В обзоре приведены примеры внутривидового генетического разнообразия различных видов оппортунистических микроорганизмов, клиническое значение определенных клонов, обсуждается значимость внутривидового типирования в клинической практике. Внутривидовое типирование клинических изолятов позволит вывести эпидемиологические исследования на новый уровень: изучить эпидемиологические и эпизоотические связи источников возбудителя и очагов заболевания и выявить типы (варианты) возбудителя, ассоциированные с наличием определенных факторов вирулентности и резистентности к антимикробным препаратам.
Ключевые слова: генетическое внутривидовое разнообразие, Escherichia coli, Candida spp., нозокомиальные инфекции, оппортунистические микроорганизмы, Staphylococcus aureus, Streptococcus pyogenes
INTRASPECIFIC GENETIC DIVERSITY OF NOSOCOMIAL OPPORTUNISTIC PATHOGENS: CLINICAL SIGNIFICANCE (MINIREVIEW)
1Taraskina A.E. (head of the laboratory), 2 Li Fan (chancellor of science center),1Skorbunova O.V.
* Контактное лицо: Тараскина Анастасия Евгеньевна,
e-mail: Anastasiya.Taraskina@szgmu.ru
(assistant researcher), 1,3Pchelin I.M. (scientific collaborator, postgraduate student), 3Stepanov A.S. (postgraduate student), 3Ryabinin I.A. (postgraduate student), 1Shulgina M.V. (deputy director of the Institute), 1,3Vasilyeva N.V. (director of the institute, head of the chair)
1 Kashkin Research Institute of Medical Mycology, Northwestern State Medical University named after I.I. Mechnikov, St. Petersburg, Russia; 2 Norman Bethune Health Science Center Jilin University, China; 3 North-Western State Medical University named after I.I. Mechnikov (chair of medical microbiology), St. Petersburg, Russia
©Collective of authors, 2016
Nosocomial infections are a current problem of the modern healthcare due to its widespread and negative consequences on health of the patients, staff and state economy. Opportunistic pathogens play a special role in nosocomial infections. Currently it has been established that causative agents of nosocomial infections have a relatively low degree of genetic diversity compared with natural populations of microorganisms of the same species. Epidemic clones of nosocomial pathogens are formed as a result of the intraspecific diversity. Epidemic clones of opportunistic pathogens are the most fitted to parasitic lifestyle types of pathogens. Their evolutionary formation reflects processes acquisition of pathogenic properties by facultative parasites. Clinical significance of pathogenic clones of opportunistic pathogens and their role in epidemics of nosocomial infections are under intensive investigations in many laboratories all over the world now.
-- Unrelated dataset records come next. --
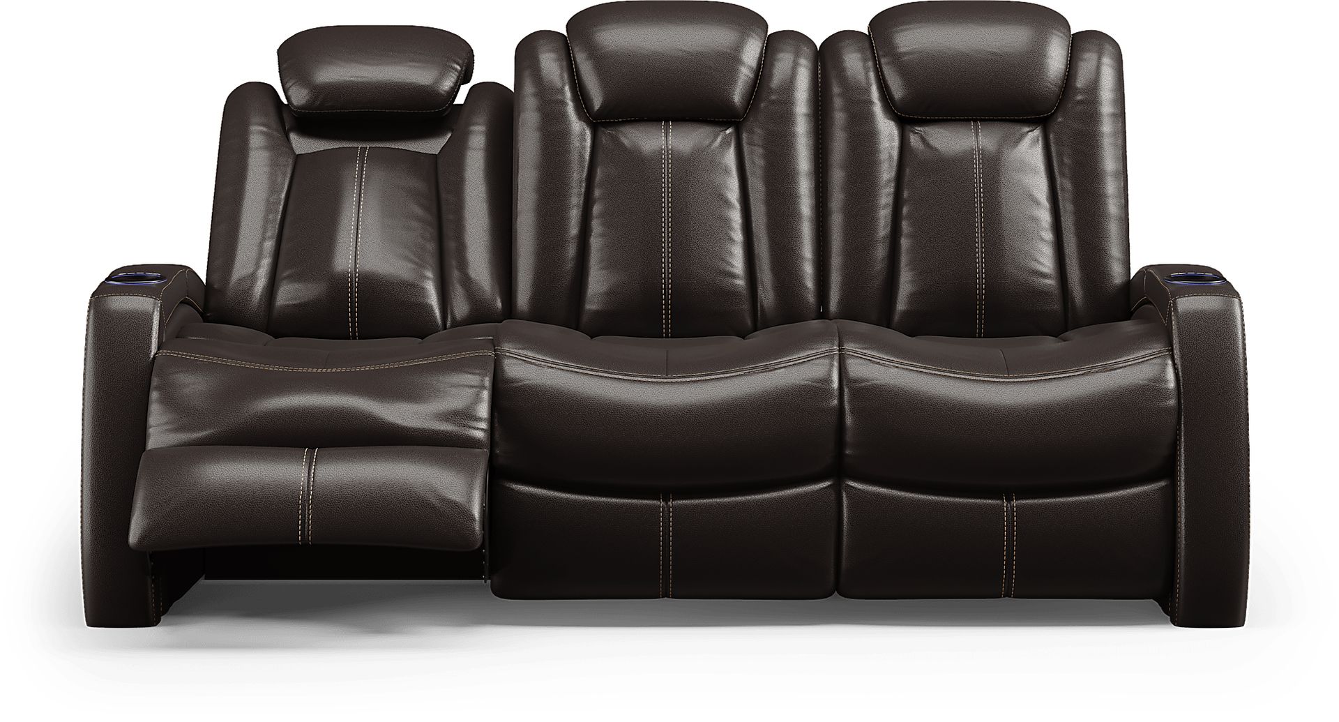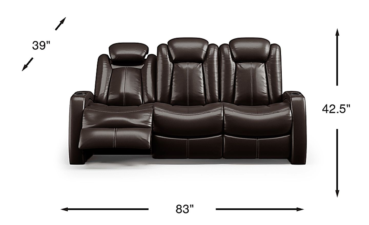 Cozy comfort gets a tech-savvy update with the Moretti dual power reclining sofa. Upholstered in supple brown top grain leather where the body touches with a contrasting stitching detail, this sofa is designed to create the ultimate relaxation station. Touch activated dual power reclining chaise style footrests and headrests place the perfect position at your fingertips, while bucket seats offer additional comfort. Each armrest features a lighted cupholder, USB port and built-in storage compartment, while the center seat back cushion folds down to reveal a table top with two cup holders, two wireless charging pads and magazine storage. Upholstery: Top grain leather where the body touches and vinyl sides and backs.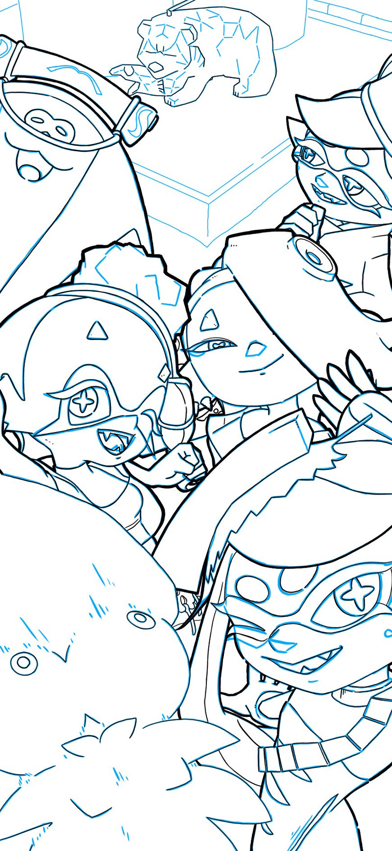 リハビリ?でスプラトゥーン3の壁紙のイラスト化描いてます。木彫りクマサン描けん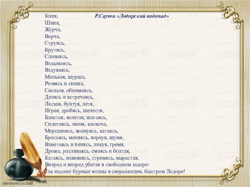 Так падают бурные волны в сверкающем, быстром Лодоре!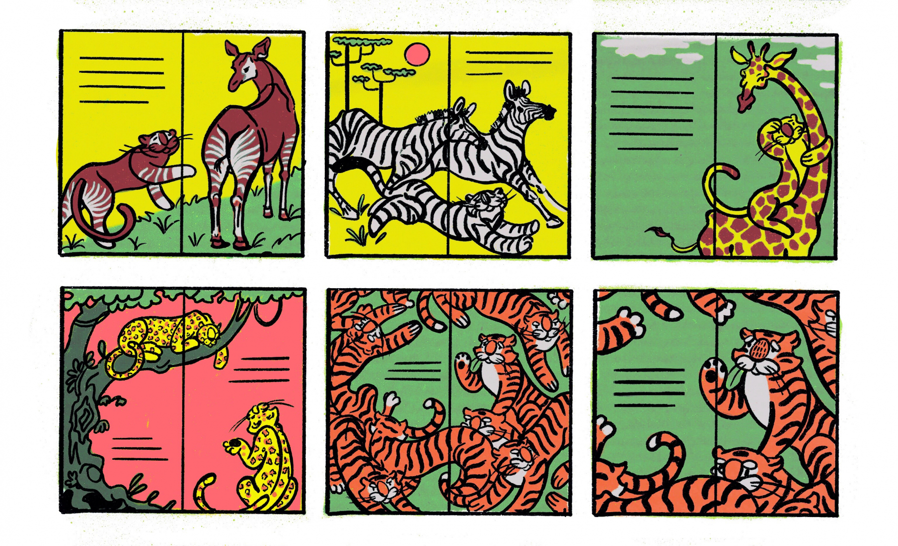 Barbora Lovíšková: O tigrovi, ktorý nemal pruhy, 2021, storyboard – digitálna ilustrácia a skenované textúry (foto: archív Barbora Lovíšková)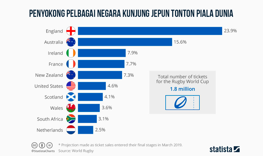 Untuk perlawanan akhir pada Sabtu hadapan, England akan disorak paling ramai penyokong. Statistik menunjukkan hampir 25 peratus dari 1.8 juta tiket untuk keseluruhan pelawanan sepanjang RWC 2019 telah dibeli secara atas talian oleh peminat dari England.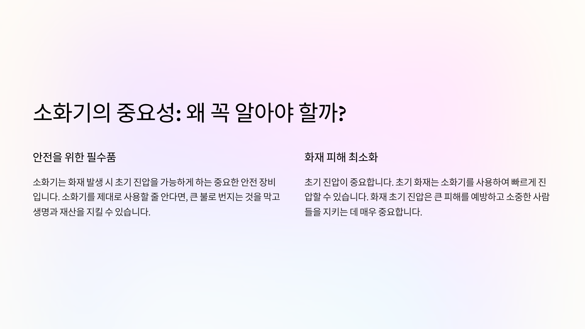 소화기는 초기 화재 진압에 강력한 도구지만, 가장 중요한 것은 항상 안전한 대피와 침착한 대응이라는 점을 기억하세요.
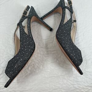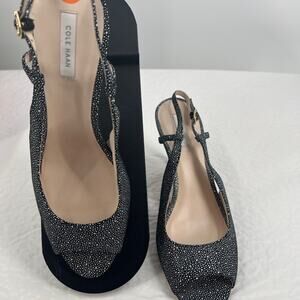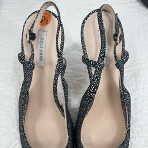 Cole Haan Black White Spotted Bethany Slingback Open Toe Pump Heels
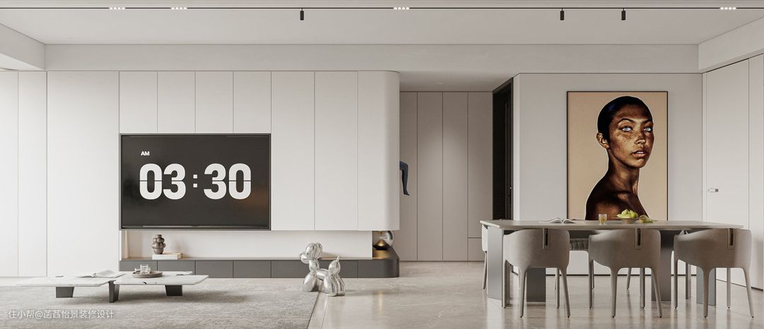 电视背景墙连接着入户的收纳柜,一体化的设计让空间更舒适统一。白色的柜体做的极简的设计,与墙面保持一致,让空间更舒适精致。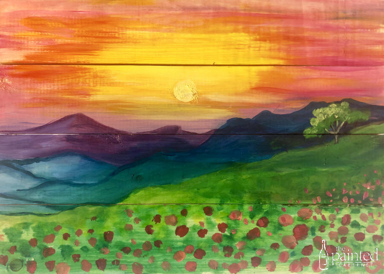 Wood Pallet Class - Mountain Sunset Paint on a pine wood pallet! Includes a glass of wine! 6:00pm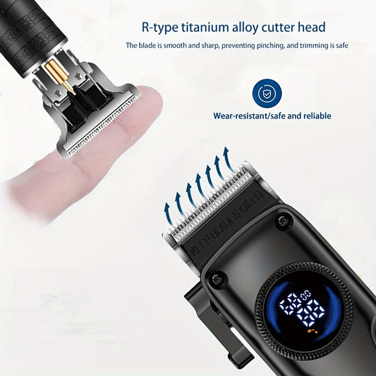 A Professional Men'S Electric Hair Clipper Set with an LED Display, an Electric Shaver, Four Guide Combs for Zero-Gap Cutting, a Small Brush, TYPE-C Charging, Perfect As a Gift for Men, Father'S Day Presents

This review presents examples of intraspecific genetic diversity of different types of opportunistic microorganisms, and the data the clinical significance of specific clones. The importance of typing in diagnostic assays is discussed. This may bring epidemiological and epizootic investigations of sources of infections and infectious foci to the new level. Secondly it will extend our knowledge of pathogenic clones acquiring factors of virulence and resistance to antimicrobial drugs.
Key words: Candida spp., Escherichia coli, genetic intraspecific diversity, nosocomial infections, opportunistic pathogens, Staphylococcus aureus, Streptococcus pyogenes
INTRODUCTION
A nosocomial infection - also called «hospital-ac-quired» can be defined as: «An infection occurring in a patient in a hospital or other health care facility in whom the infection was not present or incubating at the time of administration. This includes infections acquired in the hospital but appearing after discharge, and also occupational infections among staff of the facility» (Prevention of hospital-acquire infection: a practical guide-WHO/2002). Nosocomial infections occur worldwide and affect both developed and resource-poor countries. They are important contributors to morbidity and mortality. They will become even more important as a public health problem with increasing economic and human impact because of: increasing numbers and crowding of people, more frequent impaired immunity (age, illness, treatments), new microorganisms, increasing microbial resistance to antimicrobial drugs.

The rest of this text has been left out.